The below text has been adapted from a panel presentation.
In this well-known Dwayne Booth cartoon from an old issue of Spy Magazine, a painter asks a businessman, "Can I have a grant so that I can finish my art?" To the right, we see the painter's unfinished project: a portrait of the businessman captioned "FUCKING ASSHO."
Since I know how much a joke can be improved by a pedantic explanation, I want to point out that the painter's grant request is doubly disingenuous. First, and most obviously, the painter is, without shame, asking the businessman to finance his own hit-piece.
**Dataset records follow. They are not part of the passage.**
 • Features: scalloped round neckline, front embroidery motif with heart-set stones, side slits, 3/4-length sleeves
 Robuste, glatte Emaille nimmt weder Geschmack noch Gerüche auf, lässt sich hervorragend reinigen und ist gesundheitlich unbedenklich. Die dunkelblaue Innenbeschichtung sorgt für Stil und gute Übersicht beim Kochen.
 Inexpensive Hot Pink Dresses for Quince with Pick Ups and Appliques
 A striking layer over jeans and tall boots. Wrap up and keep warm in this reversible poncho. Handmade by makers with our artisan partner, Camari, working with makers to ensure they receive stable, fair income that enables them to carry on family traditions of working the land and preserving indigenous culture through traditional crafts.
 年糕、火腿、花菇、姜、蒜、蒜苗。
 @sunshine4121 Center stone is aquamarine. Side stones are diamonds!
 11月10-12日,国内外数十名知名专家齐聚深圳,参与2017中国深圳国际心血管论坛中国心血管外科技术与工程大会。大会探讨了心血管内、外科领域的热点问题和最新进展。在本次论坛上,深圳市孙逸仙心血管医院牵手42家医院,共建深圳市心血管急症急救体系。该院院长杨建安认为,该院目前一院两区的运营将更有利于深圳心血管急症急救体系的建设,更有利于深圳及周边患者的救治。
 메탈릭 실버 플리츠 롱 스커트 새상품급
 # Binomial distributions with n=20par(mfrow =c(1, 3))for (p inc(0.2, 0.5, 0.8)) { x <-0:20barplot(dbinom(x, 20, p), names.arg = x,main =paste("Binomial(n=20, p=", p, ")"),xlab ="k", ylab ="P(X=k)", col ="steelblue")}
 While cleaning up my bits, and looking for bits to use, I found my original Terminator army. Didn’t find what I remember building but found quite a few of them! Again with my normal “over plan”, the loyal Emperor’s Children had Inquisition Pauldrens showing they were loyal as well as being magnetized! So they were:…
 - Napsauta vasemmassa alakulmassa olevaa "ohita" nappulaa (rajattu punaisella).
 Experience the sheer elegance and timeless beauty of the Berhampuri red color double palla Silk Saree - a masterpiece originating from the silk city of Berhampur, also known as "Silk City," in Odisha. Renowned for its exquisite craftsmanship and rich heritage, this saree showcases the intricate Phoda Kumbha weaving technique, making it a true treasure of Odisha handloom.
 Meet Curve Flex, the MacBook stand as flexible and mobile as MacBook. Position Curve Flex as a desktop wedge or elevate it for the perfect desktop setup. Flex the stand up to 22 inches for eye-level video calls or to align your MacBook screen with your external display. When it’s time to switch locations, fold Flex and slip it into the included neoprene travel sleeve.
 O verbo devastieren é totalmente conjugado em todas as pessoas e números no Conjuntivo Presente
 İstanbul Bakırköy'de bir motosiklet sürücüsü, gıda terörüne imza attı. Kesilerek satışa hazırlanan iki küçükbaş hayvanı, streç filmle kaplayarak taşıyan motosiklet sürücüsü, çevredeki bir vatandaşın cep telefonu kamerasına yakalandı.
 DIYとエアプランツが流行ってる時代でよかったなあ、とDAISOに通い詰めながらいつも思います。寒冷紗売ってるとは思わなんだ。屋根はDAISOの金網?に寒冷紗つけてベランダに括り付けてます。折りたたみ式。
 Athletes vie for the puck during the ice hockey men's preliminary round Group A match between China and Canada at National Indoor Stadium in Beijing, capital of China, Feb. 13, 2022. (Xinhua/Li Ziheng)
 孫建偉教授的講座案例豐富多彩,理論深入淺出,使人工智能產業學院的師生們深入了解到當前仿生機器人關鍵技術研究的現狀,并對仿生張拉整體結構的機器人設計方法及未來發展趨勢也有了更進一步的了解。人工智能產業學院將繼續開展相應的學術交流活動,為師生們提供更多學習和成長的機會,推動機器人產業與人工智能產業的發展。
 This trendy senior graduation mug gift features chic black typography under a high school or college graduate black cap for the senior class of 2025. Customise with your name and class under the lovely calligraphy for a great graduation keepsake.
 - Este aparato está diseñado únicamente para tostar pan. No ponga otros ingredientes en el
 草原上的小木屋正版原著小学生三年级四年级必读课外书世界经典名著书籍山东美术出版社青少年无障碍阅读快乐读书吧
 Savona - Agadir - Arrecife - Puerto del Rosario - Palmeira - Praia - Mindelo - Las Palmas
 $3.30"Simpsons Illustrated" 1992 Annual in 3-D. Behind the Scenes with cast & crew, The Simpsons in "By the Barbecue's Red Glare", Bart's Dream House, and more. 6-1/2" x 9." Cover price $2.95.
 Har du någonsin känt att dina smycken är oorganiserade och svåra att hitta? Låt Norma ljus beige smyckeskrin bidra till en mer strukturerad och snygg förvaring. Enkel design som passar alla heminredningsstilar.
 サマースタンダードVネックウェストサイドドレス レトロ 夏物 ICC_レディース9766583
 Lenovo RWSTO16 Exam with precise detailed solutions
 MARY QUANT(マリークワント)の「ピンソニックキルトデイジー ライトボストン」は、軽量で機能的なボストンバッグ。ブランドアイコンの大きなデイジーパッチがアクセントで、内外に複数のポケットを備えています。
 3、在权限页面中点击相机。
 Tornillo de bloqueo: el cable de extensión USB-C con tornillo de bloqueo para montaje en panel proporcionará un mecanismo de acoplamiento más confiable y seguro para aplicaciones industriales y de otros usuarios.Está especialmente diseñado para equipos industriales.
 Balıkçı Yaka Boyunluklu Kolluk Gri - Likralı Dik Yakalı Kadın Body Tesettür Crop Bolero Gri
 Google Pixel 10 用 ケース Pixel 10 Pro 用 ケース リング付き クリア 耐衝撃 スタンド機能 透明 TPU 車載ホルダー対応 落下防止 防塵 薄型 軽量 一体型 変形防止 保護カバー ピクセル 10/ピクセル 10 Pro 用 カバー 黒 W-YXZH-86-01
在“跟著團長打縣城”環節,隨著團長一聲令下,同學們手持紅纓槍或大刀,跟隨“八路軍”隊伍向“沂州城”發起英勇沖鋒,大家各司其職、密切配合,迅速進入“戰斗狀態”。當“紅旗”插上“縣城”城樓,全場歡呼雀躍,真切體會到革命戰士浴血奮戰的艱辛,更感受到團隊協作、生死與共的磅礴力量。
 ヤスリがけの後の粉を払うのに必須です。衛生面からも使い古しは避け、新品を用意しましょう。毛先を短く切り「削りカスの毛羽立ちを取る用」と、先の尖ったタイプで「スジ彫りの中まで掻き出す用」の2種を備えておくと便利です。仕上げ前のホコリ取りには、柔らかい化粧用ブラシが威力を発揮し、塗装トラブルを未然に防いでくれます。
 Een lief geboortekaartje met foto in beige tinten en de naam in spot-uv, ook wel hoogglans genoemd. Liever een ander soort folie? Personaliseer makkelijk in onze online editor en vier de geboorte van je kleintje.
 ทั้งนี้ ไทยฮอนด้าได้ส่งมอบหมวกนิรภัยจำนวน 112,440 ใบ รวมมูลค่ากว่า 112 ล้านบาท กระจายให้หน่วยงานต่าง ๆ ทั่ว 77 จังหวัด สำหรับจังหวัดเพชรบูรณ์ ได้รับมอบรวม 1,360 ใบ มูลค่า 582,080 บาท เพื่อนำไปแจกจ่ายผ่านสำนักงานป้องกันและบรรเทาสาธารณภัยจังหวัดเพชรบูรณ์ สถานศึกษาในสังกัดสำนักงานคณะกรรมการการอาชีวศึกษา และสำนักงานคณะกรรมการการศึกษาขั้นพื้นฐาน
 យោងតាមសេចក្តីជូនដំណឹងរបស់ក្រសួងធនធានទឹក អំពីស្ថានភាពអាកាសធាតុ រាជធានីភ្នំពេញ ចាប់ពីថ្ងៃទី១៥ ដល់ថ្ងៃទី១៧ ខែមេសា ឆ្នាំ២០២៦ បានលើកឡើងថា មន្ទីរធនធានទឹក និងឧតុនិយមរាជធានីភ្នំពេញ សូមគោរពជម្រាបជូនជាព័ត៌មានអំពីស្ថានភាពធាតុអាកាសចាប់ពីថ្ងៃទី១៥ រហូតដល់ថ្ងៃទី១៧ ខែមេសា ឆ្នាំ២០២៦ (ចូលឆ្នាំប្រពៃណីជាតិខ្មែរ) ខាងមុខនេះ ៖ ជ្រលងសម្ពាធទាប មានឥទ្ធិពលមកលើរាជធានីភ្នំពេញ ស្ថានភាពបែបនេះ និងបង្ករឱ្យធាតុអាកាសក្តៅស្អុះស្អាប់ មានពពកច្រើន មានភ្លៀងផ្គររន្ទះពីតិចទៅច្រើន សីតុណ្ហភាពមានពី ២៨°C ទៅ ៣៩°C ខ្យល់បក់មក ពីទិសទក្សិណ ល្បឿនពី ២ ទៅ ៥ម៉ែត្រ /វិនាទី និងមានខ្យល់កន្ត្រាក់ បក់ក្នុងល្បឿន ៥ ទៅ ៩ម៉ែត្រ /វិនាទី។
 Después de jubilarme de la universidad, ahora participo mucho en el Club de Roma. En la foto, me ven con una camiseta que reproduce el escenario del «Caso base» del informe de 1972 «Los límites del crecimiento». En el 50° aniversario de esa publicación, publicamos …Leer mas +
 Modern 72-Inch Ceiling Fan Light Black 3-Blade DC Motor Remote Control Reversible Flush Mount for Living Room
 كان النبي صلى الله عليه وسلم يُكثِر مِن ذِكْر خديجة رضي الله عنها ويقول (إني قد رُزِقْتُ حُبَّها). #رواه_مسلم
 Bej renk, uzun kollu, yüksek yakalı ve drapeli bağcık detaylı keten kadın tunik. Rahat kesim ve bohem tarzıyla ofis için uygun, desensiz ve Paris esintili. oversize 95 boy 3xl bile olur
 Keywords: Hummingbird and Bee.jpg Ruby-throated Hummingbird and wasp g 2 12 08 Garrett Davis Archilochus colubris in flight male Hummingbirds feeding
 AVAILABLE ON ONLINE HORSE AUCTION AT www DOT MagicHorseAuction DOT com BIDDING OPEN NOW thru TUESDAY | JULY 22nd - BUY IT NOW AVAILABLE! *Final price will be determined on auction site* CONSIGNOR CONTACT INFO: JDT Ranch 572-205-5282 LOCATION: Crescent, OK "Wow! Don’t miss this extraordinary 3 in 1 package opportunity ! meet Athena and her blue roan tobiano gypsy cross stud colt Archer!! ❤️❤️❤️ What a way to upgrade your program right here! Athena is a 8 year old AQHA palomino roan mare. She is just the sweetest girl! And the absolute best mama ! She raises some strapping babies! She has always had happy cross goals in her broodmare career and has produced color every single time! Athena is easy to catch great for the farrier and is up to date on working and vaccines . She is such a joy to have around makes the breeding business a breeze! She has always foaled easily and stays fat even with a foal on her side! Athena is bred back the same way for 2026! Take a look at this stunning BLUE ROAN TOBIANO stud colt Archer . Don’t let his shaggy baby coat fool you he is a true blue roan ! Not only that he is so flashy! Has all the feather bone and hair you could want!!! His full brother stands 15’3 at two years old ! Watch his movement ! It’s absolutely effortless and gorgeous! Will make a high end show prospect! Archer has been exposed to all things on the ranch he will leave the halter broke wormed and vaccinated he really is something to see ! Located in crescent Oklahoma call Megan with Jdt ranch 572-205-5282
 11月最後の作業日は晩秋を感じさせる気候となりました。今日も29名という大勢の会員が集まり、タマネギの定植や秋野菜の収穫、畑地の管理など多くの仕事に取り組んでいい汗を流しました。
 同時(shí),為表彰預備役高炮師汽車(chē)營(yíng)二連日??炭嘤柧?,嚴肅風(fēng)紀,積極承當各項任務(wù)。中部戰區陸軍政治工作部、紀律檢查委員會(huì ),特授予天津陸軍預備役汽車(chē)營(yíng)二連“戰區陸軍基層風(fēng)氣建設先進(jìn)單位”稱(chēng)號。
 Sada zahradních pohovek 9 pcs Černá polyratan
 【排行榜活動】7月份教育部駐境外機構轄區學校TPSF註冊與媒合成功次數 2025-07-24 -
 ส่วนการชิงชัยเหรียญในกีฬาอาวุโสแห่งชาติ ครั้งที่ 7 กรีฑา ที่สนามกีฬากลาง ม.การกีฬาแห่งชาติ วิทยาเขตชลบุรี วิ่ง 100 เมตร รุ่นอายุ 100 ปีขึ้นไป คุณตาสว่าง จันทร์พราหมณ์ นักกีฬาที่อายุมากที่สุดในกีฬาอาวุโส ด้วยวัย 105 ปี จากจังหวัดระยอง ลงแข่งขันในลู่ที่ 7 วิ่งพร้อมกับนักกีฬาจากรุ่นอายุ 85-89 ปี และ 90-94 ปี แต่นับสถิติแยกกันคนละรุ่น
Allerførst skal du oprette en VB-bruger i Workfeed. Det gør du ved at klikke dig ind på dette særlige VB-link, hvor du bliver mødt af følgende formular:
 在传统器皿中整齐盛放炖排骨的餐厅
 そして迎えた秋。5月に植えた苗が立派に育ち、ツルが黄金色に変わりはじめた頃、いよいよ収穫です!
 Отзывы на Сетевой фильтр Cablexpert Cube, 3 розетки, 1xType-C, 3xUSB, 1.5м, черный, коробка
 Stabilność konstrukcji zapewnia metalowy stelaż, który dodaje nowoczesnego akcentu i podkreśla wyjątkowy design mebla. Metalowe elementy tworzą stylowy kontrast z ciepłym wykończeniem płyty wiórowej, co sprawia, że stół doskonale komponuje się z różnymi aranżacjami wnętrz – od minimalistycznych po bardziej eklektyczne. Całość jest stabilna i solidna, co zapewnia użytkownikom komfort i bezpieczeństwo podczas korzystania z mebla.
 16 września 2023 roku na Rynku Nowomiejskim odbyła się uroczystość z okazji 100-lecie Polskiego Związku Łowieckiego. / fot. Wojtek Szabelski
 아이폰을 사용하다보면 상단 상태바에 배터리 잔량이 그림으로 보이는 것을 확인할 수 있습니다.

Second, and this is the element that really makes the joke work, the painter does not need the money he is requesting to "finish his art." All he has left to do is paint two more letters ("L" and "E"), a task which could not possibly cost thousands of dollars to complete.
This cartoon is not infrequently cited to illustrate a conservative point — that the state and the wealthy are under no ethical obligation to finance art or criticism, and the artist or critic has no legitimate grievance when he is denied funding. I want to use this cartoon instead to frame a discussion I find a little more interesting and productive: the paradox of radical social criticism as a profession.
To begin, we might conceive of Booth's painter and businessman as standing in a dialectical relation to one another (not quite a lordship-and-bondage relationship, but close enough). So in order to explore the paradoxical character of the situation at hand, I want to view it from the vantage point of each party in turn. First, let us assume the position of the painter, the bombastic social critic, a figure who flaunts convention and propriety, brazenly demanding that a capitalist fund the endeavor of spitting in his face. And who better to represent such a figure than Slavoj Zizek?
Over the problem of Slavoj Zizek much ink has been spilled and many hands have been wrung. Any discussion of his scholarship is invariably contaminated by the omnipresence of his personal brand. It is difficult to determine whether one should treat Zizek as an academic or as a pop icon. How seriously can one take Zizek as a thinker? One of my favorite examples of authors responding to this dilemma comes from a 2007 article by Andrew Robinson and Simon Tormey critiquing Zizek's reading of Lenin. Toward the end of the article's introductory section, Robinson and Tormey have a "word on method," which runs as follows:
"We have chosen, somewhat controversially, to take Zizek at his word. This raises the objection that Zizek is being playful or strategic, that maybe he doesn't 'mean' all of what he says, and that we are falling for a trap in taking him to task for his views. We have chosen, however, to take Zizek seriously."
Although I echo this call to take Zizek seriously, I don't think taking him seriously requires that we "look past" his celebrity status or deliberately confrontational style. On the contrary, I contend that Zizek's celebrity depends on an aesthetic of transgression which greatly informs his scholarship. For the purposes of this presentation, then, I accept a high degree of indistinction between Zizek-as-celebrity and Zizek-as-scholar. I am not sure how to appropriately address one without addressing the other.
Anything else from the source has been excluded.